## Given records:

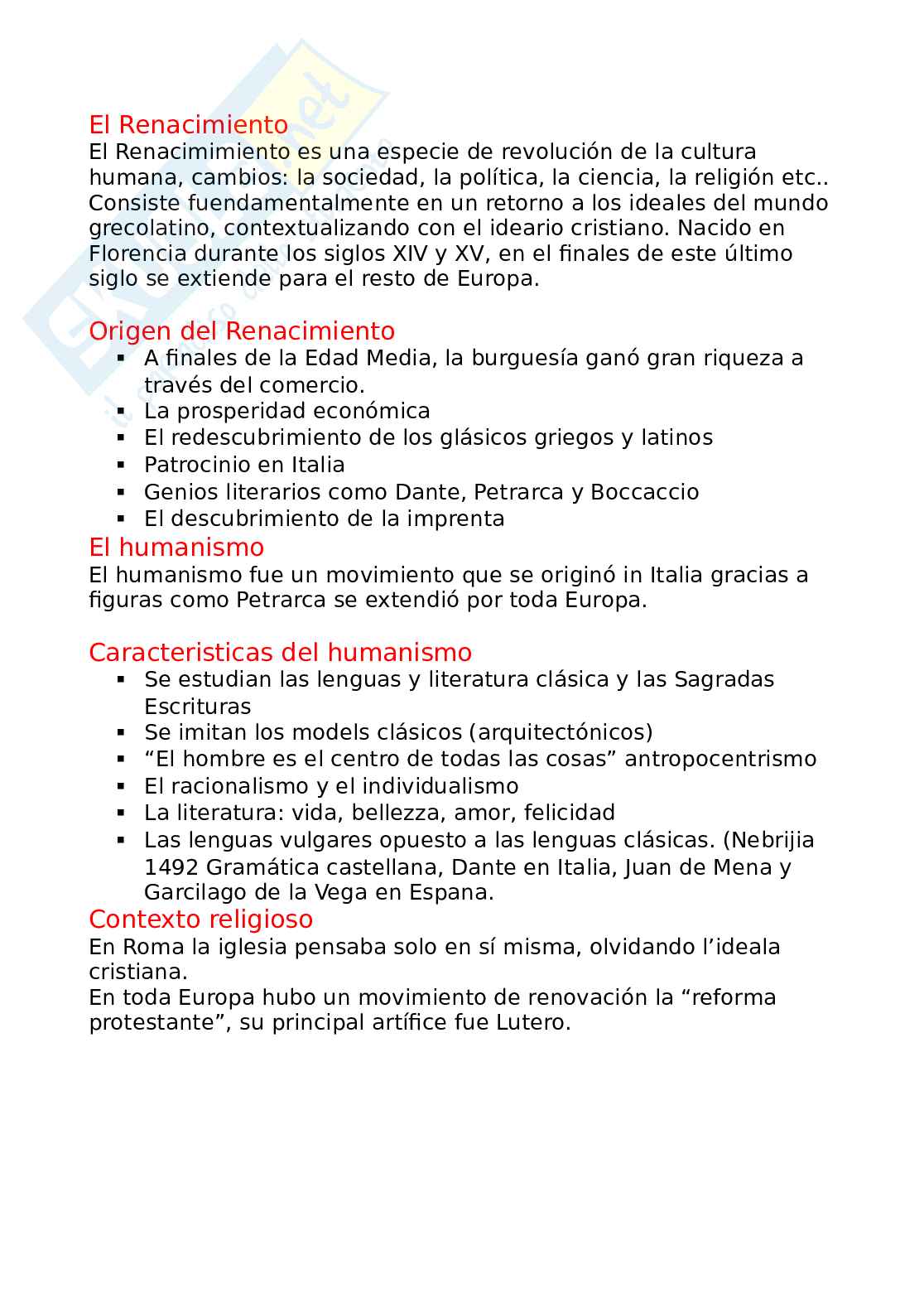 Consiste fuendamentalmente en un retorno a los ideales del mundo grecolatino, contextualizando con el ideario cristiano. Nacido en Florencia durante los siglos XIV y XV, en el finales de este último siglo se extiende para el resto de Europa.
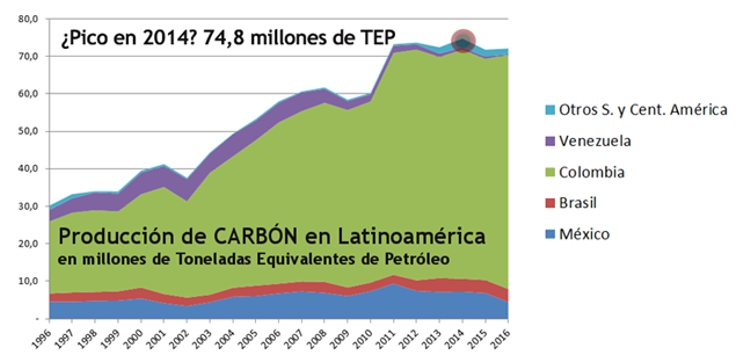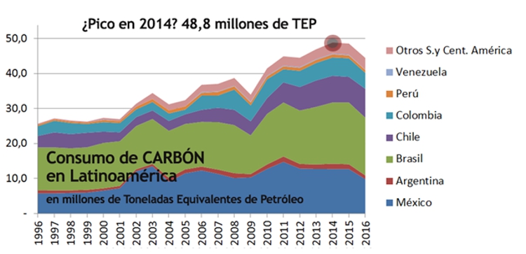 Si bien la producción de carbón tiene un papel secundario en el mix energético de la región (5% del total), su consumo está en descenso a pesar que la producción colombiana de esta sucia fuente de energía haya aumentado. Habrá que ver si se hacen efectivas las intenciones de Trump de incentivar el consumo en EE.UU., nuestro principal comprador, y esto promueve una nueva ronda de inversiones. En cuanto al consumo, la caída (-4,1 MTEP) tiene bastante relación con el aumento de las energías eólica, solar y geo-biomasa (+4,5 MTEP).
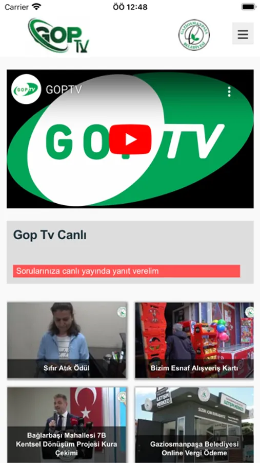 Gaziosmanpaşa Belediyesi'nin bir hizmeti olarak hazırlanan GopTv uygulaması ile ilçemizdeki canlı kameraları izleyebilecek ve hizmetlerimiz hakkında hazırlanan videoları takip edebileceksiniz.
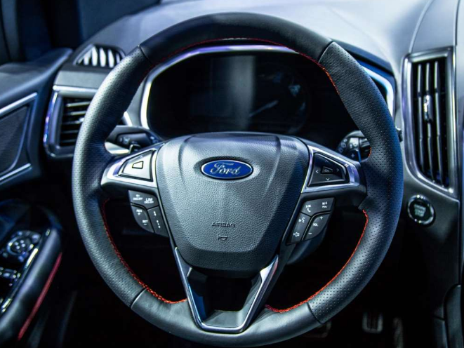 如果说对于新锐界ST-Line是“始于颜值”,那么看完内饰,我的喜爱真的变成了“陷于内饰”。特别是这款车最吸睛的部分,是搭载了 12.8英寸的中控大屏,不仅大,关键是提升了整车的科技感,很前卫。
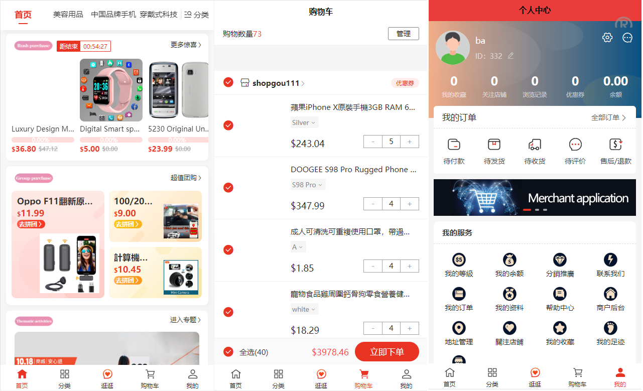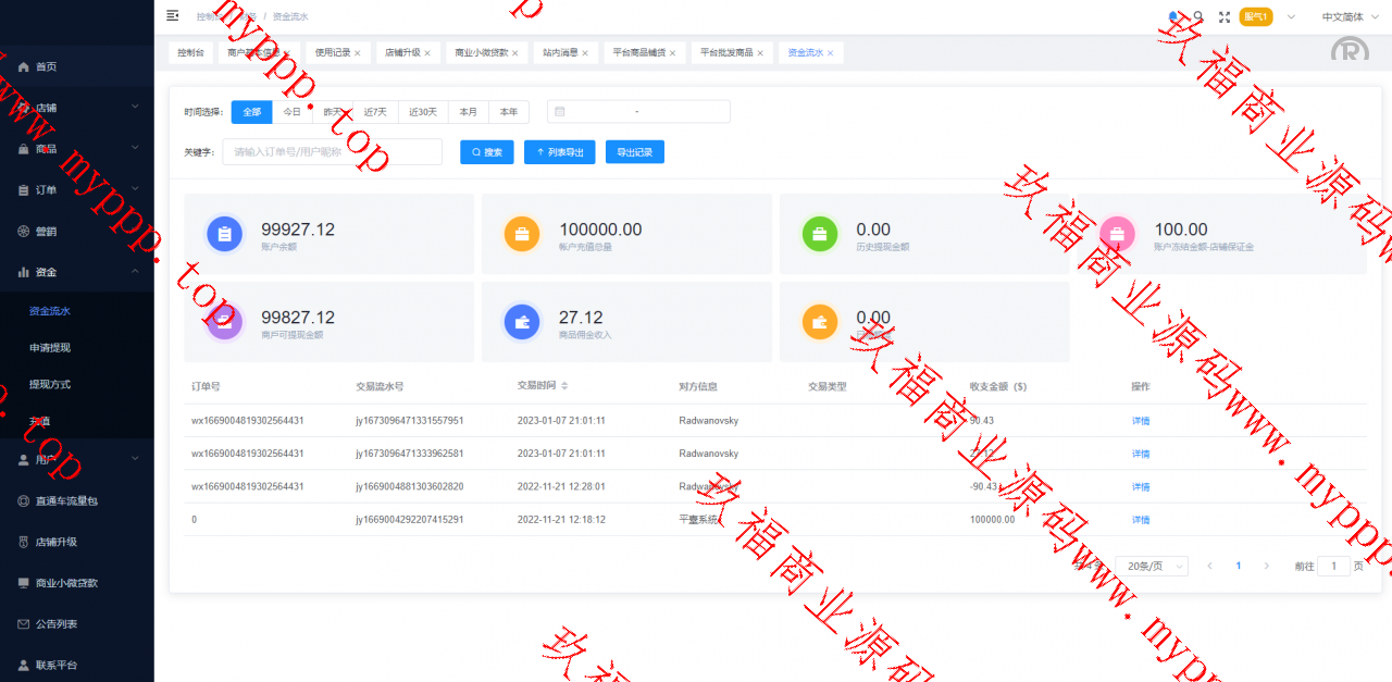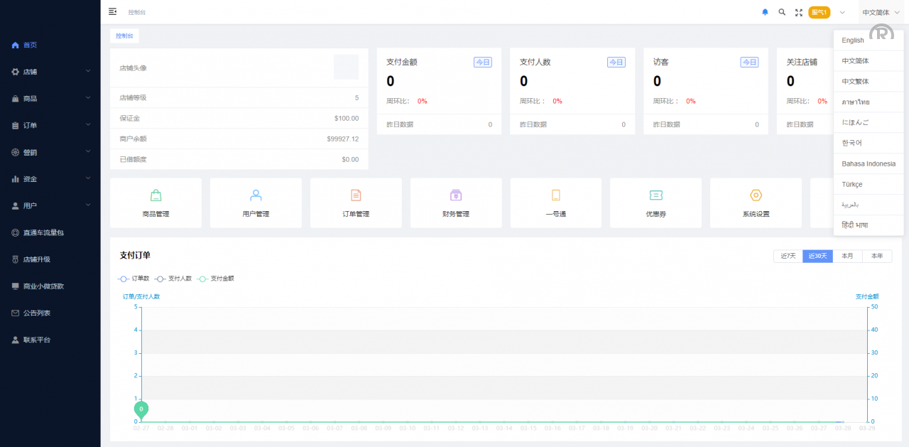 系统特点关键词:多商户入驻、商品一键铺货、进货差价、平台代发、商品采集、店铺保证金、USDT充提、店铺虚拟访客关注加购数据、一键批量注册用户、批量下单爆单、定时下单、自建物流信息等

## About this exercise:
Do not copy pictures. Restate exactly the lines from the one containing "Gaziosmanpaşa Belediyesi'nin bir" through the last line of the records.

## Exercise result:
 Gaziosmanpaşa Belediyesi'nin bir hizmeti olarak hazırlanan GopTv uygulaması ile ilçemizdeki canlı kameraları izleyebilecek ve hizmetlerimiz hakkında hazırlanan videoları takip edebileceksiniz.
 如果说对于新锐界ST-Line是“始于颜值”,那么看完内饰,我的喜爱真的变成了“陷于内饰”。特别是这款车最吸睛的部分,是搭载了 12.8英寸的中控大屏,不仅大,关键是提升了整车的科技感,很前卫。
 系统特点关键词:多商户入驻、商品一键铺货、进货差价、平台代发、商品采集、店铺保证金、USDT充提、店铺虚拟访客关注加购数据、一键批量注册用户、批量下单爆单、定时下单、自建物流信息等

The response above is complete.